Dataset records:
⁂

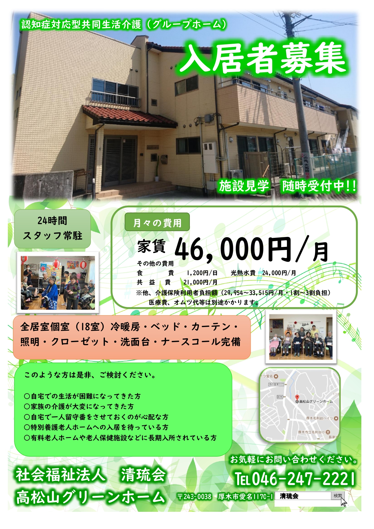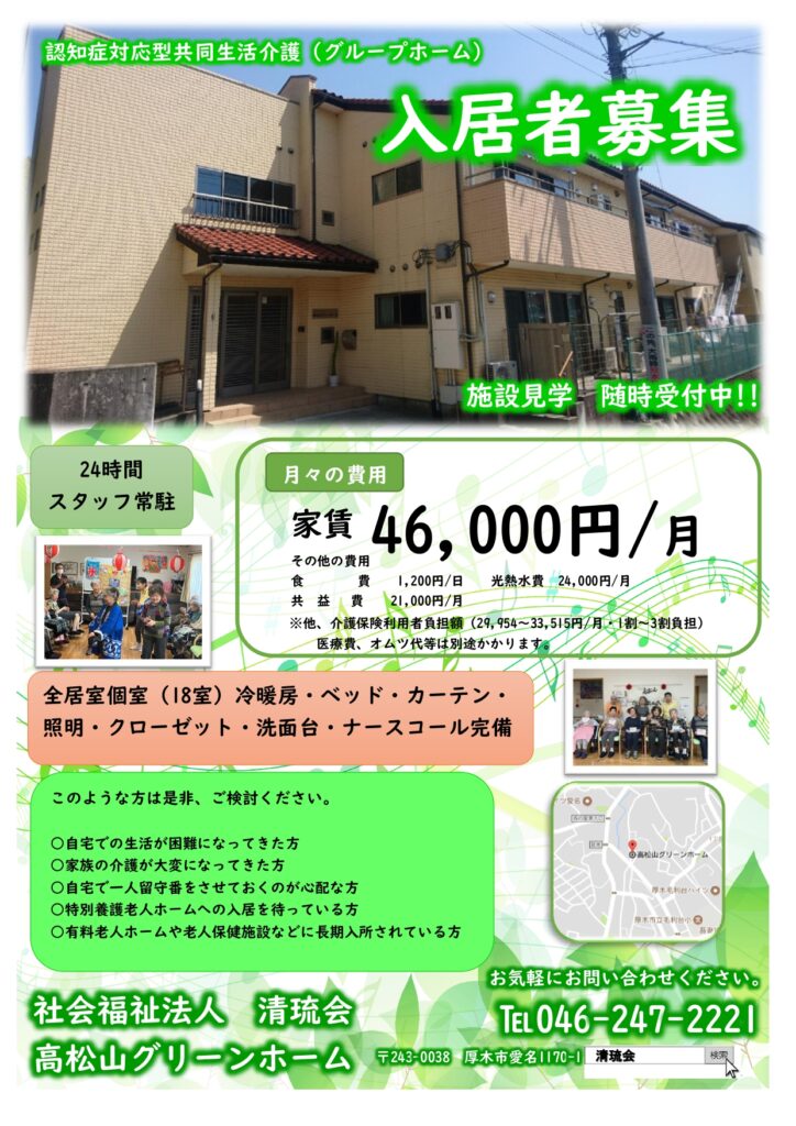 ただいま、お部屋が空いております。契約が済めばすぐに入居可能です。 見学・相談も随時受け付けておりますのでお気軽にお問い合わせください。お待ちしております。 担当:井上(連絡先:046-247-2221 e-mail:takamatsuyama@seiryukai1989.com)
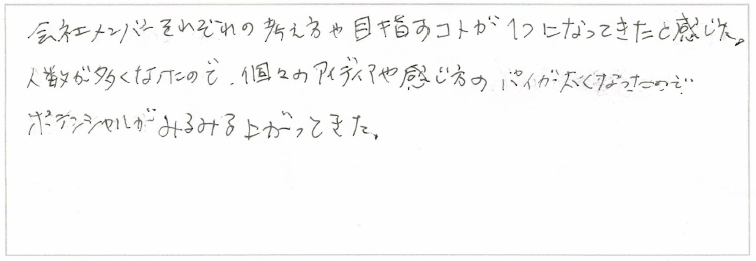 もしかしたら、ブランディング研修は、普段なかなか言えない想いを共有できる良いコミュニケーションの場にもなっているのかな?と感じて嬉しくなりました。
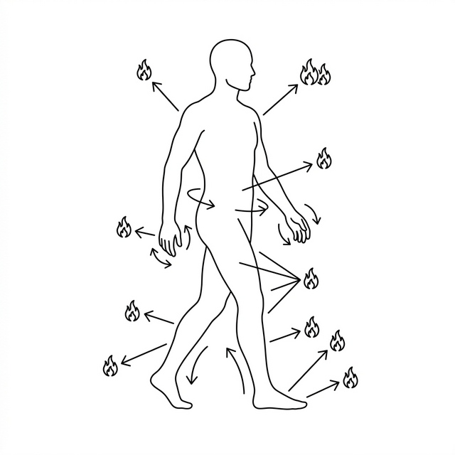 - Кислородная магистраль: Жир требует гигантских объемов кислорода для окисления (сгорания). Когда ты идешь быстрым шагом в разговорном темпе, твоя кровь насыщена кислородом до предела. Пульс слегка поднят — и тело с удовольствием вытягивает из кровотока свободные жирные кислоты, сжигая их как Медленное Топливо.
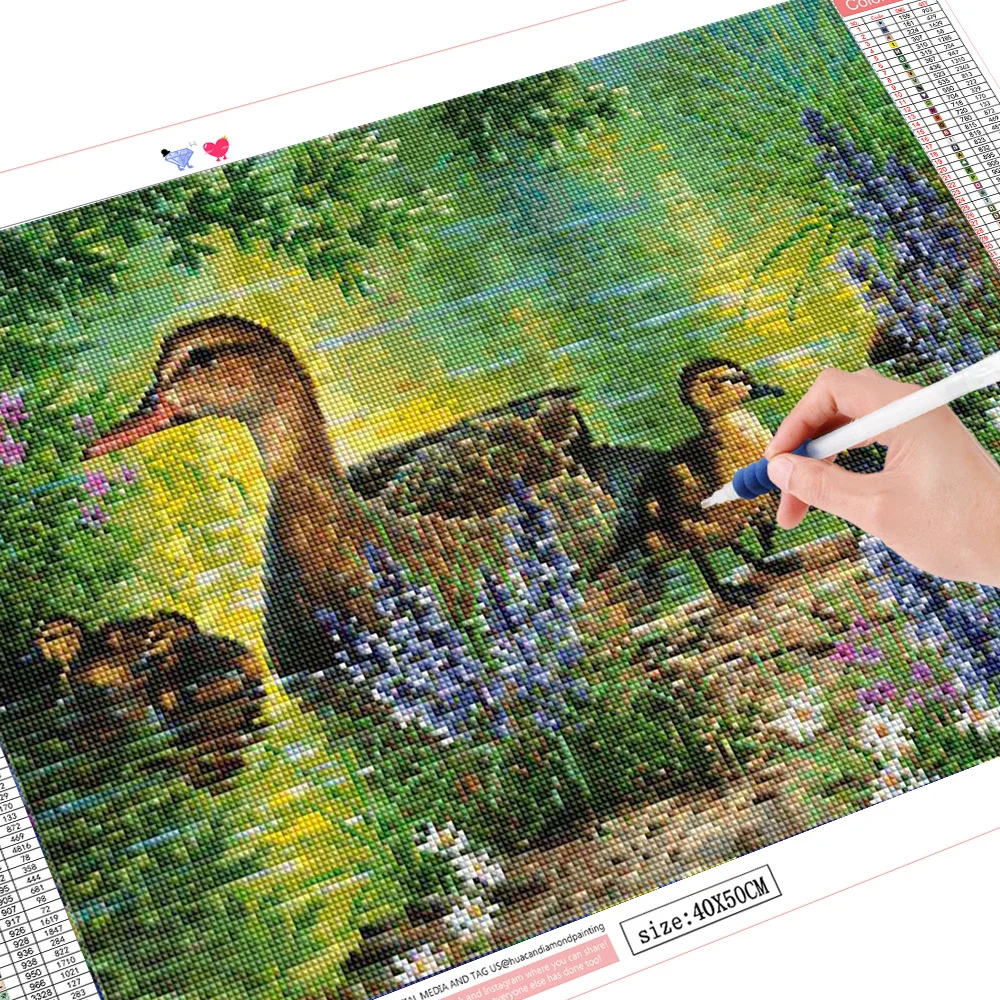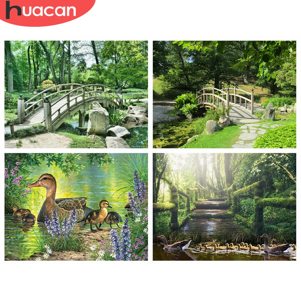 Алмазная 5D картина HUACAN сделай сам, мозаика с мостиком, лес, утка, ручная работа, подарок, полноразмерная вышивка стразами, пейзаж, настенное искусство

⁂

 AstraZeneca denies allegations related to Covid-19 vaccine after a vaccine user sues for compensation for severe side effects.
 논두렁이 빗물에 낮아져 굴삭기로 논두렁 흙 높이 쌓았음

⁂

Work item: Given the records above, restate word for word only the lines starting at the one with "AstraZeneca denies allegations" and ending at the one with "논두렁이 빗물에 낮아져 굴삭기로 논두렁 흙 높이 쌓았음".

Written solution:
 AstraZeneca denies allegations related to Covid-19 vaccine after a vaccine user sues for compensation for severe side effects.
 논두렁이 빗물에 낮아져 굴삭기로 논두렁 흙 높이 쌓았음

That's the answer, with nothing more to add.